Inaugurada en 1994, ADX está ubicada en el desierto alto a unas dos horas al sur de Denver. Ahí los reclusos son alojados en celdas insonorizadas de 2 por 4 metros durante 23 horas del día en un encierro permanente, sin ningún contacto con otros reclusos. Cada celda contiene una litera, un escritorio, un taburete y un estante de concreto, y un lavabo e inodoro de acero. Los reclusos pueden ver el exterior de su celda a través de una sola ventana de un metro de alto y medio de ancho que solo les permite vista hacia el patio central sin que tengan noción sobre la ubicación en la que se encuentran. Enormes torres de vigilancia, cámaras de seguridad, perros de ataque, tecnología láser, sistemas de puertas a control remoto forman parte del sistema del cual nadie ha logrado escapar.
Una de las características principales de ADX es el aislamiento que comenzó en Estados Unidos a fines del siglo XVIII, cuando los cuáqueros la defendieron como un medio para evitar que los reclusos sufrieran los azotes y la humillación pública comunes en ese entonces. En 1829, la Penitenciaría del Estado del Este de Pensilvania comenzó a experimentar con los encierros, pero descubrió que los reclusos se suicidaban o se volvían socialmente disfuncionales, por lo que finalmente abandonaron la práctica. Pero un siglo después, en 1934, el aislamiento fue utilizado nuevamente en Alcatraz, donde los presos más problemáticos fueron aislados en el Bloque D.

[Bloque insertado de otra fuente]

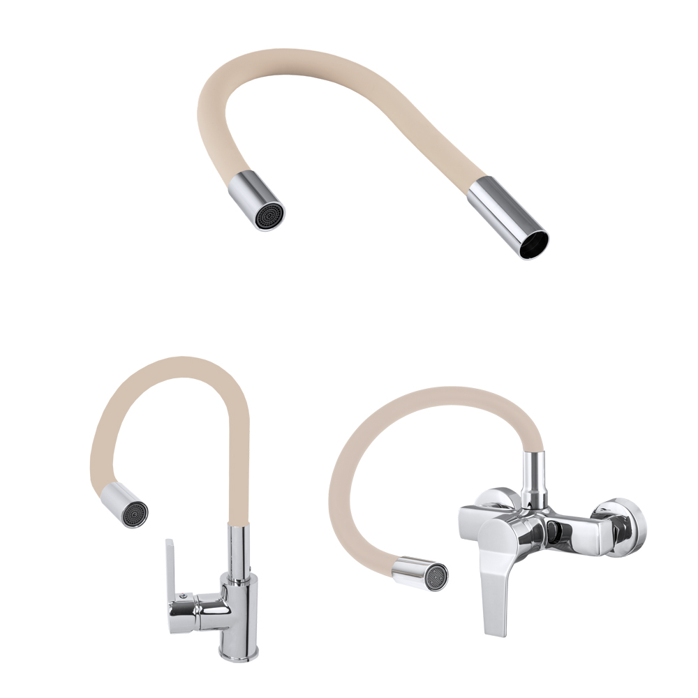 • końcówki CHROM, gumowy oplot wylewki – BEŻOWY
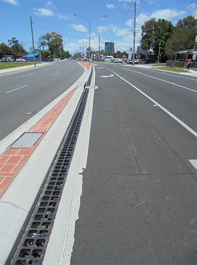 With a tight corridor width to work in, designers had to ensure all surface runoff was immediately captured from the turning lanes without ponding against the centre median. A trench drain was deemed the most effective way to ensure all surface runoff could be captured immediately.
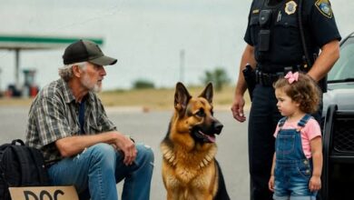 The little girl’s voice, barely a whisper, sliced through the monotonous drone of Sunday morning traffic. Officer Daniel Brooks, clocking off his night shift, was driving his daughter, Lily, home when her small hand shot out, pointing. On the curb near a gas station, a man sat, utterly spent. He…
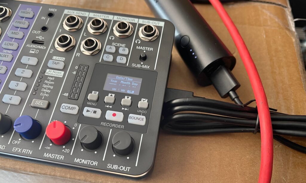 Für Solo-Künstler und kleine Ensembles ist er ein idealer Begleiter. Ein Mixer, Recorder und Audiointerface in einem Gerät, das in jeden Rucksack passt und auch mit Batteriebetrieb funktioniert.
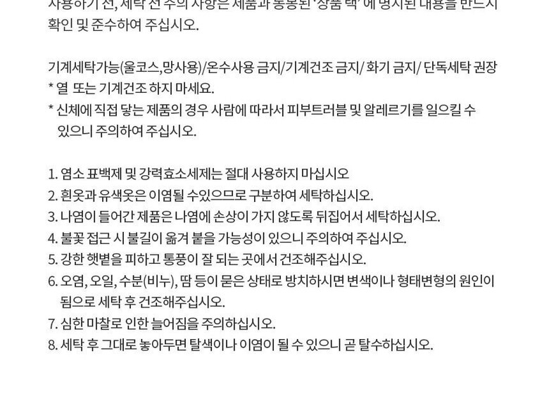 6. 세탁방법 및 취급시 주의사항 | 상세페이지 참조 |

Legalmente, las condiciones dentro de las prisiones supermax son constitucionales. Han sido cuestionadas extensamente y ningún tribunal ha sostenido que mantener a alguien en régimen de aislamiento durante un período específico es inconstitucional.
Sin embargo, existe una presión cada vez mayor por parte de la comunidad legal internacional para poner fin a la práctica del confinamiento solitario a largo plazo en Estados Unidos. Han habido algunas pequeñas victorias para los derechos de los presos en ADX.
El resto de los reclusos de ADX considerados mentalmente aptos, todavía están en sus celdas cumpliendo cadenas perpetuas en aislamiento casi absoluto tal como dictan las leyes estadounidenses que protegen a la sociedad de los criminales más peligrosos del mundo y de las cuales, no hay salida ni perdón.
Existe una presión cada vez mayor por parte de la comunidad legal internacional para poner fin a la práctica del confinamiento solitario a largo plazo en Estados Unidos.